The term “artist in residence” conjures up a bygone age where poets, painters and classical musicians lived in boarding schools and imparted knowledge to pupils as they went about their day-to-day creative pursuits.

Universities still have artists in residence who give concerts or shows, and occasionally tutor students, but the role of the visiting artist has changed enormously in schools. Many arts organisations now have education projects that allow professional artists to run regular workshops in schools, and take pupils on visits.

While the artists may not have teaching experience, education officers employed by artistic establishments now work with teachers and artists to co-ordinate and design projects. More traditional partnerships between schools and professional artists still in exist, and both pupils and artists benefit from long-term creative relationships.

As anyone who has worked alongside an artist in the classroom will testify, artists can inspire pupils.

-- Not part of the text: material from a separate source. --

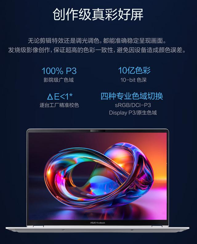 华硕丧胆 Pro14 酷睿版 2026 的 14 英寸 OLED 屏幕雷同达到 2.8K 分辨率、120Hz 刷新率、1100 尼特峰值亮度、100% P3 色域和 ΔE

Music, drama, dance, creative writing and art are all proven to boost communication skills, improve literacy and the social and emotional aspects of learning (Seal).

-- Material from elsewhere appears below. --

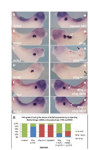 Fig. S8. rfng overexpression can rescue the effect of Lfng depletion in the pronephros. We previously showed rfng translation is not inhibited by either lfng MO1 or lfng MO2 (see Fig. S1E in the supplementary material). Given the previously characterised functional homology between vertebrate Fringe proteins, we co-injected rfng mRNA with lfng MO1 and lfng MO2 and attempted to rescue expression of the proximal tubule marker, slc5a2. X. laevis embryos were injected at the eight-cell stage into a ventro-vegetal blastomere to target the presumptive pronephric region, with beta-galactosidase mRNA to act as a lineage tracer (red staining on injected side). (A-G) Embryos were cultured to stage 34 when whole-mount in situ hybridisation for expression of slc5a2 was detected. Injection of a control MO had no effect on proximal tubulogenesis (A). rfng overexpression, as reported in Fig. 6C, caused ectopic expression of slc5a2 in the distal pronephric region (white arrow, B). Injection of either lfng MO1 (C) or lfng MO2 (D) completely inhibits slc5a2 expression; these embryos have gross developmental defects, highlighted by curling and perturbed growth of the tail region (black arrows). Upon co-injection of rfng mRNA with lfng MO1 (E) or lfng MO2 (F), slc5a2 expression is rescued, and in some cases over-rescue is achieved with ectopic slc5a2 expression being observed (white arrows). Overall, gross developmental defects detected after single injections of lfng MO1 or lfng MO2 were also rescued, the embryos look healthy and morphologically similar to controls. A histogram illustrates rescue of Lfng depletion by rfng overexpression in the pronephros, with much fewer embryos having reduced slc5a2 expression after co-injection of lfng MO1 and lfng MO2 with rfng mRNA than after single injections of lfng MO1 or lfng MO2 (G). We propose that Rfng is able to rescue the effects of Lfng depletion. This conclusion suggests functional homology between Rfng and Lfng exists. Asterisk denotes injected side. In addition, we have also rescued the inhibitory effects lfng MO1 and lfng MO2 had on nephrin expression with rfng mRNA and also the effect lfng MO2 had on slc5a2 and nephrin expression with lfng mRNA. |

Experts believe there are other advantages too - just talking to a jobbing artist, musician or writer raises aspirations and can make pupils aware of options they might never have previously considered.

These three artists in residence - an artist, a composer and a writer - spoke to The TES about working with children, how it influences their art and how glad they are they don’t have to “do” discipline.

RESOURCES

www.artistsinresidence.org.uk

http:lso.co.ukaboutlsodiscovery

www.englishtouringopera.org.ukeducation2.php

www.colf.orgeducation.cfm

www.artsforall.co.uk

Name: Richard Tait

Job: Artist in residence at St Paul’s Way Community School in Bow, London, and the City of London festival

There isn’t an age group that I haven’t worked with. I’ve put toddlers in their wellies and helped them step into buckets of paint before walking across rolls of wallpaper on the floor, and I’ve worked with pensioners in their 80s. I work at all stages in schools and have also taught observational drawing in a maximum security prison in Bermuda.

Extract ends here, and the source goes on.